The MSM8960 uses a current generation Adreno GPU with a couple of changes. Qualcomm calls this GPU the Adreno 225, a follow-on to Adreno 220. Subsequent Krait designs will use Adreno 3xx GPUs based on a brand new architecture.

As we discussed in our Samsung Galaxy S 2 review, Qualcomm's Adreno architecture is a tile based immediate mode renderer with early-z rejection. By Qualcomm's own admission, Adreno is somewhere in the middle of the rendering spectrum between IMRs and Imagination Technologies' TBDR architectures. One key difference is Adreno's tiling isn't as fine grained as IMG's.

Architecturally the Adreno 225 and 220 are identical. Adreno 2xx is a DX9-class unified shader design. There's a ton of compute on-board with eight 4-wide vector units and eight scalar units. Each 4-wide vector unit is capable of a maximum of 8 MADs per clock, while each scalar unit is similarly capable of 2 MADs per clock.

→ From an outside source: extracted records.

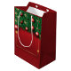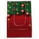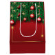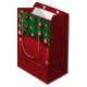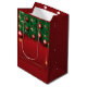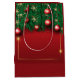 Un sac cadeau festif rouge orné de branches de pin vert et d'ornements rouges brillants. Le sac présente une finition brillante, rehaussant ses couleurs vives. Les poignées sont blanches, offrant un contraste saisissant par rapport à l'arrière - plan rouge riche.
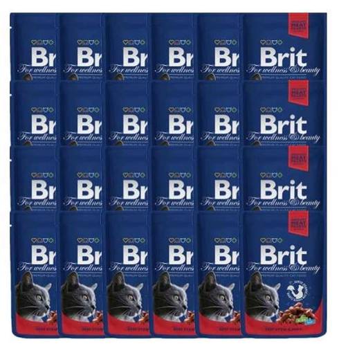Brit Premium Adult Gulasz wołowy i Groszek 24x100g Pełnowartościowa karma dla kotów klasy premium. Saszetki Brit Premium urozmaicają codzienną dietę Twojego kota w zgodzie z jego naturalnymi potrzebami. Atrakcyjny zapach będzie przyciągał i kusił Twojego kota, który radośnie odwdzięczy się mru…
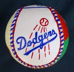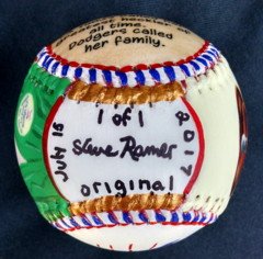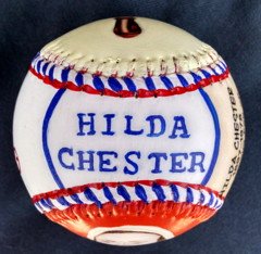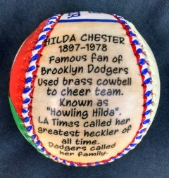 Side five, which is the top of the baseball, has my hand painted "Hilda Chester" in Dodgers colors.
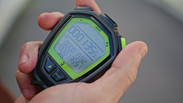 Timer in a professional tape recorder while recording studio sounds. Close-up of the screen with the countdown
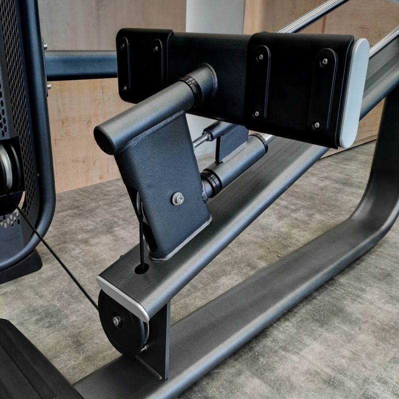 - Рычаг для ног, оборудованный нескользящими пластиковыми вставками с рифленой поверхностью для устойчивого положения, движется по нелинейной траектории, тем самым обеспечивает концентрацию на целевых мышцах.

That works out to 160 floating point operations per clock, or 32 GFLOPS at 200MHz.

Update: Qualcomm has clarified the capabilities of its 4-wide Vector ALUs. Similar to the PowerVR SGX 543, each 4-wide vector ALU is capable of four MADs (one per component). The scalar units cannot be combined to do any MADs, although they are helpful we haven't really been tracking those in this table (IMG has something similar) so we've excluded them for now.

Mobile SoC GPU Comparison
	Adreno 225	PowerVR SGX 540	PowerVR SGX 543	PowerVR SGX 543MP2	Mali-400 MP4	GeForce ULP	Kal-El GeForce
SIMD Name	-	USSE	USSE2	USSE2	Core	Core	Core
# of SIMDs	8	4	4	8	4 + 1	8	12
MADs per SIMD	4	2	4	4	4 / 2	1	?
Total MADs	32	8	16	32	18	8	?
GFLOPS @ 200MHz	12.8 GFLOPS	3.2 GFLOPS	6.4 GFLOPS	12.8 GFLOPS	7.2 GFLOPS	3.2 GFLOPS	?
GFLOPS @ 300MHz	19.2 GFLOPS	4.8 GFLOPS	9.6 GFLOPS	19.2 GFLOPS	10.8 GFLOPS	4.8 GFLOPS	?

Looking at the table above you'll see that this is the same amount of computing power than even IMG's PowerVR SGX 543MP2. However as we've already seen in our tests, Adreno 220 isn't anywhere near as quick.

Shader compiler efficiency and data requirements to actually populate a Vec4+1 array are both unknowns, and I suspect both significantly gate overall Adreno performance. There's also the fact that the Adreno 22x family only has two TMUs compared to four in the 543MP2, limiting texturing performance. Combine that with the fact that most Adreno 220 GPUs have been designed into single-channel memory controller systems and you've got a recipe for tons of compute potential limited by other bottlenecks.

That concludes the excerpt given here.